‘It feels like being hunted’: Latinos across U.S. in fear after El Paso massacre
Simon Romero, Caitlin Dickerson, Miriam Jordan and Patricia Mazzei 08/08/2019 |
EL PASO — After 22 people were shot to death at a Walmart in El Paso over the weekend, a Florida retiree found herself imagining how her grandchildren could be killed. A daughter of Ecuadorean immigrants cried alone in her car. A Texas lawyer bought a gun to defend his family.

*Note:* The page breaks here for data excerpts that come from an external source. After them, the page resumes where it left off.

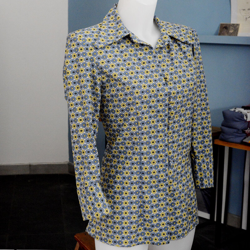 Camicia in puro cotone thailandese a fantasia, bottoni rivestiti in stoffa.
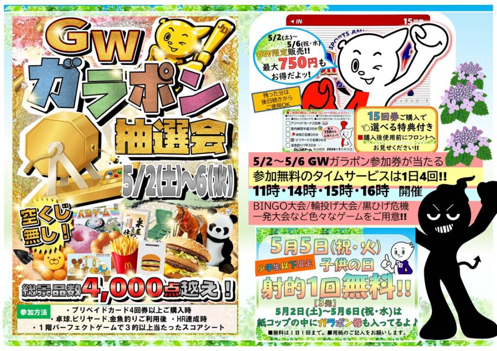 卓球・ビリヤード・金魚釣りご利用後、ホームラン達成時にご参加いただけます💓
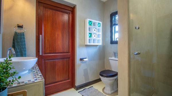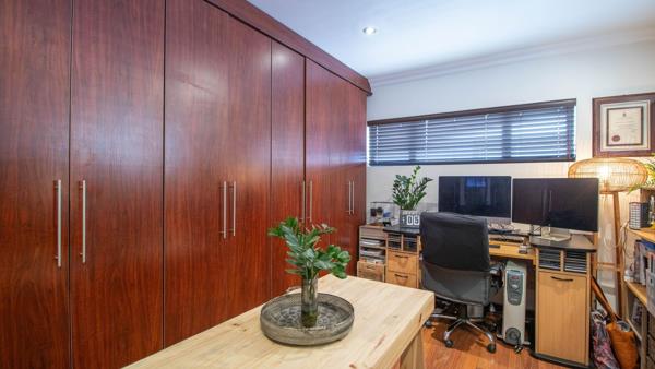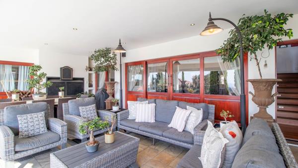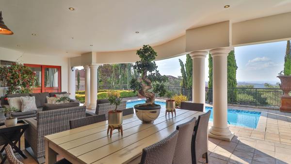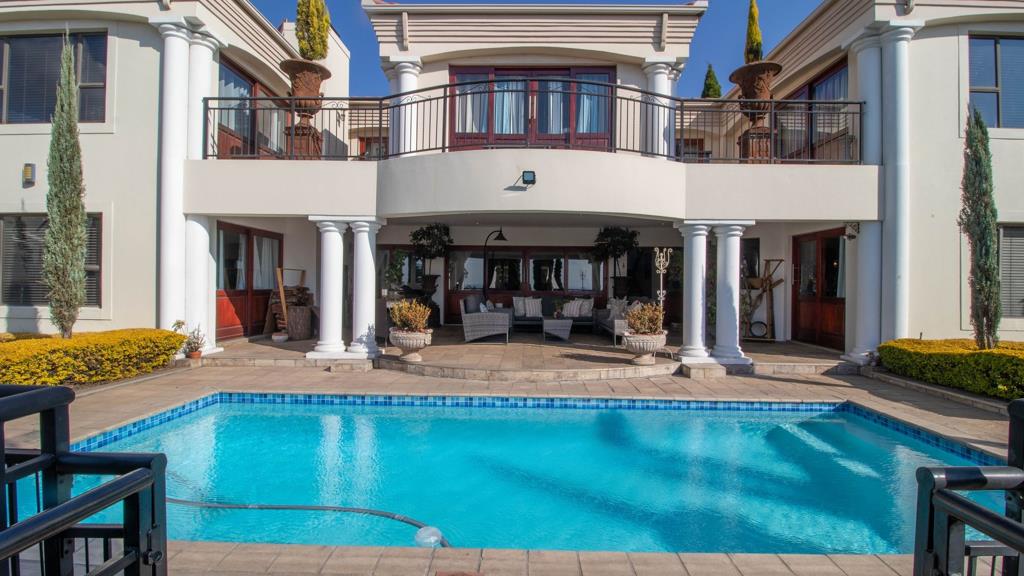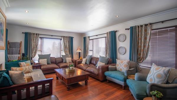 The 3 living areas flow seamlessly with a warm gas fireplace in the one lounge, while triple patio doors open from three sections of the home, inviting you to the expansive outdoor patio, perfect for entertaining. Enjoy year-round gatherings with a built-in braai and gas braai, overlooking a sparkling swimming pool and an evergreen, low-maintenance garden nourished by an automated irrigation system, borehole, and JoJo tank.
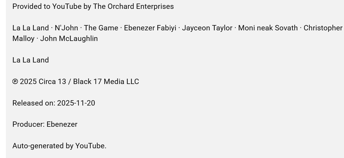 ដោយឡែក ក្នុងចំណោមចម្រៀងទាំង ៦ បទ «La La Land» កំពុងទទួលបានការចាប់អារម្មណ៍ខ្លាំង ខណៈបទចម្រៀងមួយបទនោះ លោក N.John បានបកស្រាយរួមគ្នានឹង តារាចម្រៀងរ៉េប Legend របស់អាមេរិក ដែលល្បីតាំងពីឆ្នាំ ២០០០ មក គឺ The Game។
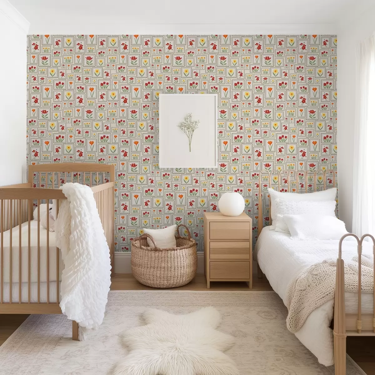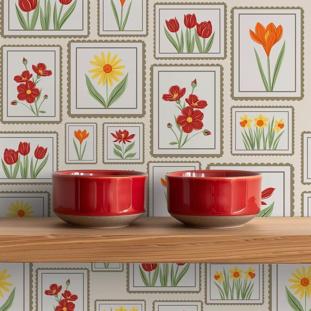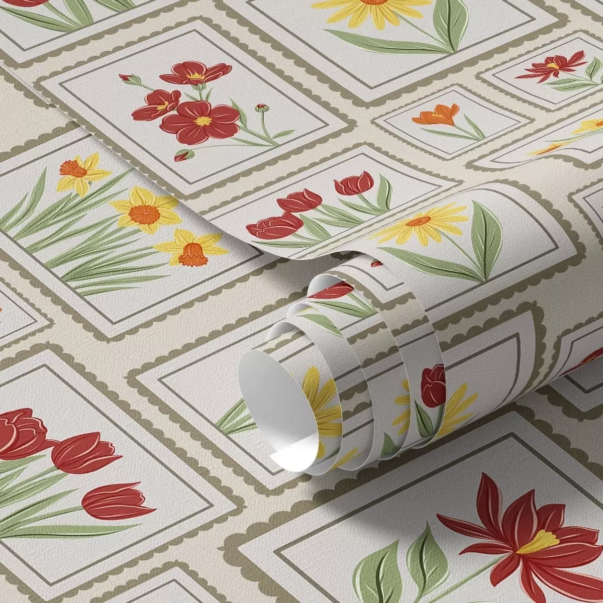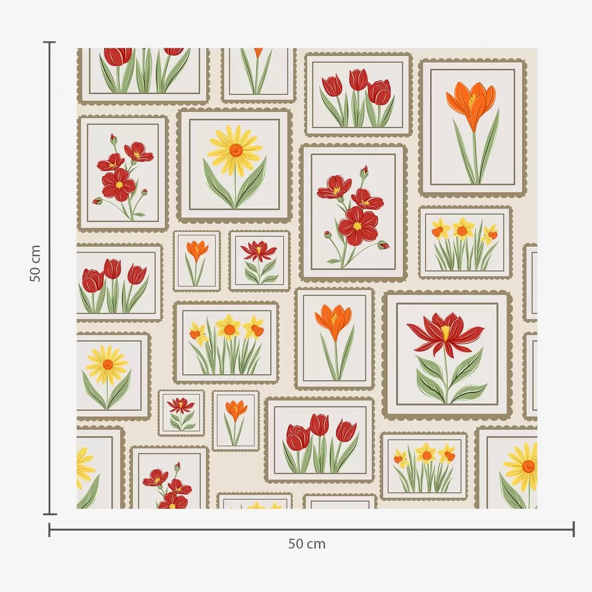 Tapetti Kehystetyt kukkakuvitukset lämpimissä sävyissä Nr. a01173
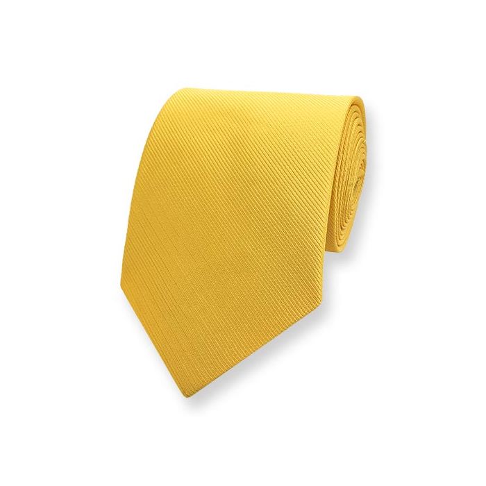 Hoogwaardige gele stropdas met een licht fluwelen glans. Deze stropdas met een breedte van 8 centimeter is gemaakt van een prachtige stof met een subtiel gestreept effect.
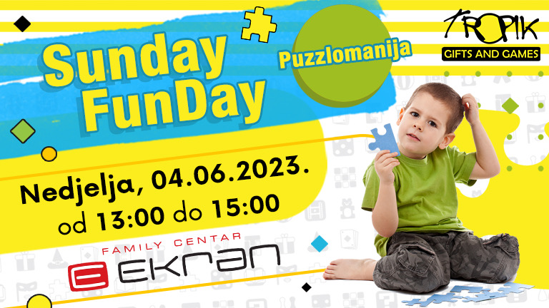 Čekamo vas u nedjelju, 04. juna, u 13:00-15:00h, u Family centru “Ekran” u Zenici, ne propustite “Sunday FunDay”- zabavu za cijelu porodicu!

For a number of Latinos across the United States, the shooting attack in El Paso felt like a turning point, calling into question everything they thought they knew about their place in American society. Whether they are liberal or conservative, speakers of English or Spanish, recent immigrants or descendants of pioneers who put down stakes in the Southwest 400 years ago, many Latinos in interviews this week said they felt deeply shaken at the idea that radicalized white nationalism seemed to have placed them — at least for one bloody weekend — in its cross hairs.
“At least for Latinos, in some way, it’s the death of the American dream,” Dario Aguirre, 64, a Mexican-American lawyer in Denver and a registered Republican, said about the impact of the killings on him and those around him.
Mr. Aguirre moved to San Diego from Tijuana when he was 5, and was raised by his grandmother in poor Mexican neighborhoods. He enlisted in the Air Force, and later became an immigration lawyer — a classic American success story.
“Many clients tell me, ‘We’re the new Jews, we’re just like the Jews,’” Mr. Aguirre said. “It’s quite a transition from being invisible to being visible in a lethal way. It’s something new to my community. We are used to the basic darkness of racism, not this.”
There are now about 56.5 million Latinos in the United States, accounting for 18 percent of the population — nearly one in five people in the country. That’s up from 14.8 million in 1980, or just 6.5 percent of the population, according to the Pew Research Center. Nearly two-thirds of Latinos were born in the United States.
From Miami to Los Angeles, many said in interviews that evidence of racism had become much more prevalent since President Trump was elected pledging to end what he called “an invasion” across the southern border of people he often characterizes as violent criminals. But the seeds of anti-Hispanic sentiment have been apparent in the country for years, they said.